About this task:
Leave out the pictures, and print exactly the lines from the one holding "Rainbocorns ZURU Eggzania" through the last line of the material.
BEGIN Data records
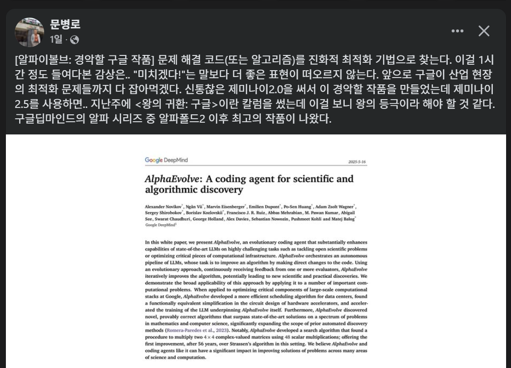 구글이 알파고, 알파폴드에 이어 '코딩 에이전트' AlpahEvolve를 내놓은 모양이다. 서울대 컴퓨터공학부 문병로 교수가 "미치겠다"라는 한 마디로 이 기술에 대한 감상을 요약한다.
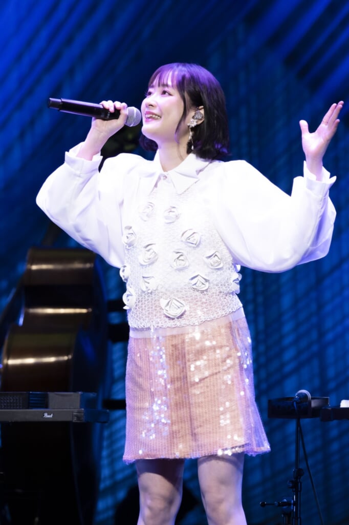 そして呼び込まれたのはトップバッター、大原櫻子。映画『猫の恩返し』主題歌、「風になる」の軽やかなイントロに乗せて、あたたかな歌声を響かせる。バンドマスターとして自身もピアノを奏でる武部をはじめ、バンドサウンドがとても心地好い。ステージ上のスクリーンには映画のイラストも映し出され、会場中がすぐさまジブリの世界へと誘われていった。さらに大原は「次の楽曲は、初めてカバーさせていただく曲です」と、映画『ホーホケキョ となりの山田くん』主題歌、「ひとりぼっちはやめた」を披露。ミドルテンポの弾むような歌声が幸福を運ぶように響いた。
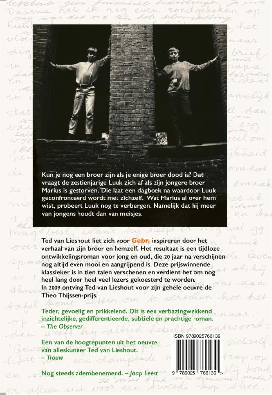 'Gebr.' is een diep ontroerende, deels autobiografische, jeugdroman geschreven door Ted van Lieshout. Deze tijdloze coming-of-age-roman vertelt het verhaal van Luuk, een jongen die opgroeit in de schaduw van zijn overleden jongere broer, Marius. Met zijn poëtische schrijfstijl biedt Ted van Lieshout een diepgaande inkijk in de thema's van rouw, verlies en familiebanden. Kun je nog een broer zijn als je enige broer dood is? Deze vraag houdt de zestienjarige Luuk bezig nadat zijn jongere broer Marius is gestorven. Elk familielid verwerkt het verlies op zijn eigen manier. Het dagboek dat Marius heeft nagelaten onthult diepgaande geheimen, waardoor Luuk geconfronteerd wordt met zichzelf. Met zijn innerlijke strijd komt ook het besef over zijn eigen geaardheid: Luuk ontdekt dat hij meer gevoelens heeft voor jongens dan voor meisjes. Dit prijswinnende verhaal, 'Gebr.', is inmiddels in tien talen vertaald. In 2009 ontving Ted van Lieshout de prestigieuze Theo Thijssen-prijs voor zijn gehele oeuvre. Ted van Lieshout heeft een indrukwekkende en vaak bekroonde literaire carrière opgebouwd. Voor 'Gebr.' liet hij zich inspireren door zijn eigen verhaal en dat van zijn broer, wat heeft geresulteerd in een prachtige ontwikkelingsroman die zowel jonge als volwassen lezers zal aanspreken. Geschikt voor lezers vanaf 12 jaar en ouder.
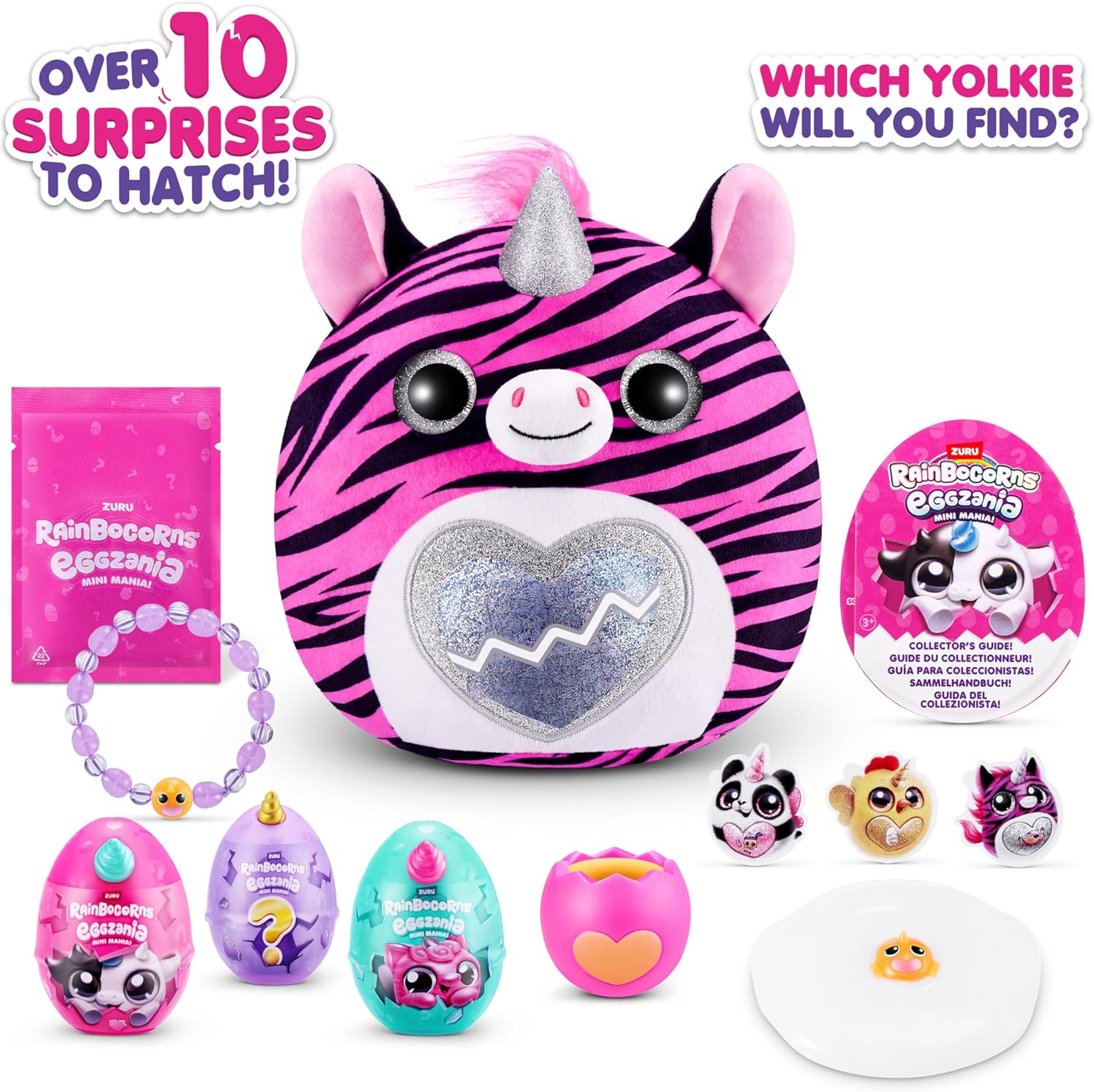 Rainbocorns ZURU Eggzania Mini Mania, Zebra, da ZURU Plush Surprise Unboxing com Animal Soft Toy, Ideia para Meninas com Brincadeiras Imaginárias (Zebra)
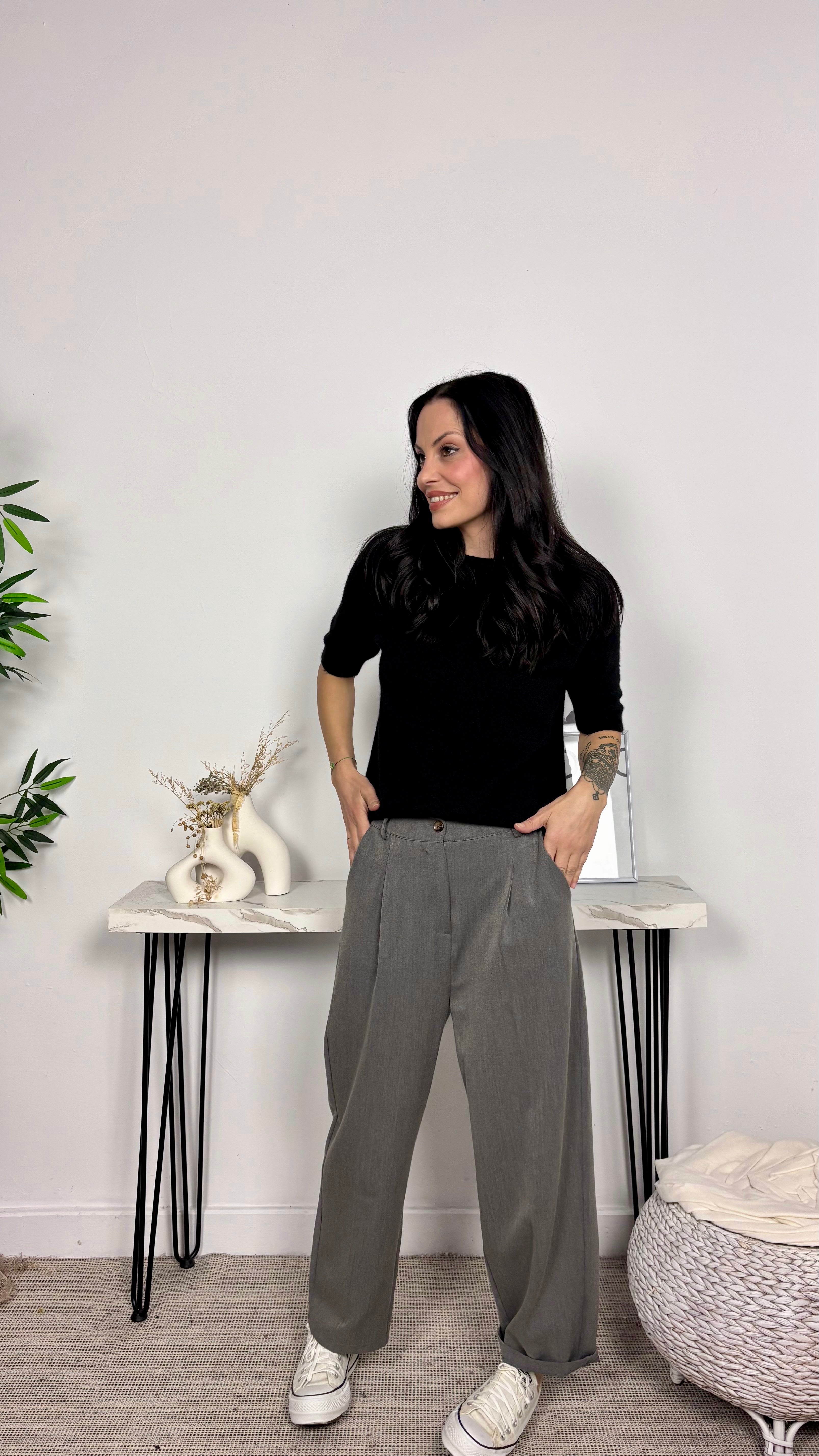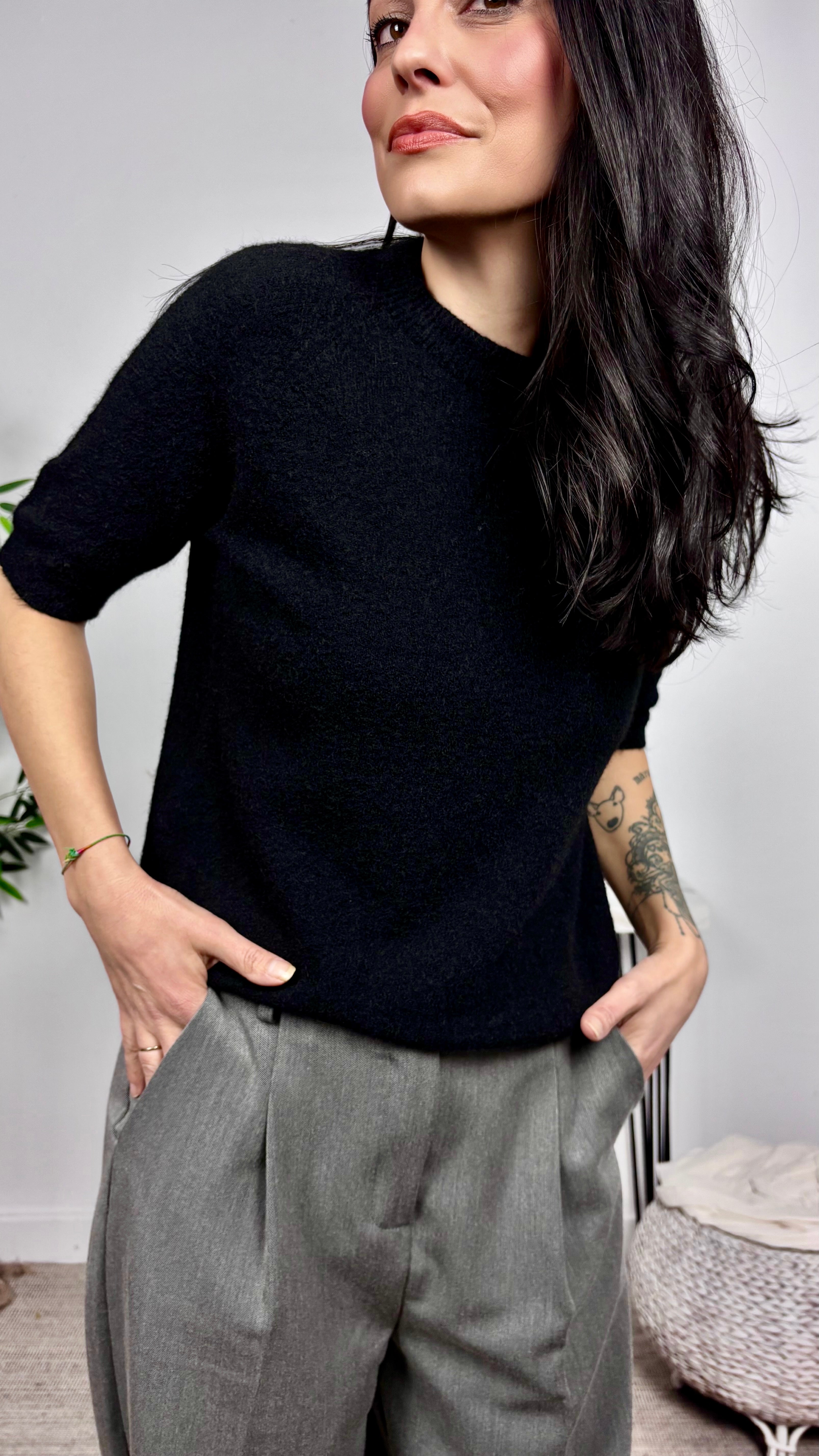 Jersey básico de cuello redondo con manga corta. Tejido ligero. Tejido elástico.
END Data records
Reply:
 Rainbocorns ZURU Eggzania Mini Mania, Zebra, da ZURU Plush Surprise Unboxing com Animal Soft Toy, Ideia para Meninas com Brincadeiras Imaginárias (Zebra)
 Jersey básico de cuello redondo con manga corta. Tejido ligero. Tejido elástico.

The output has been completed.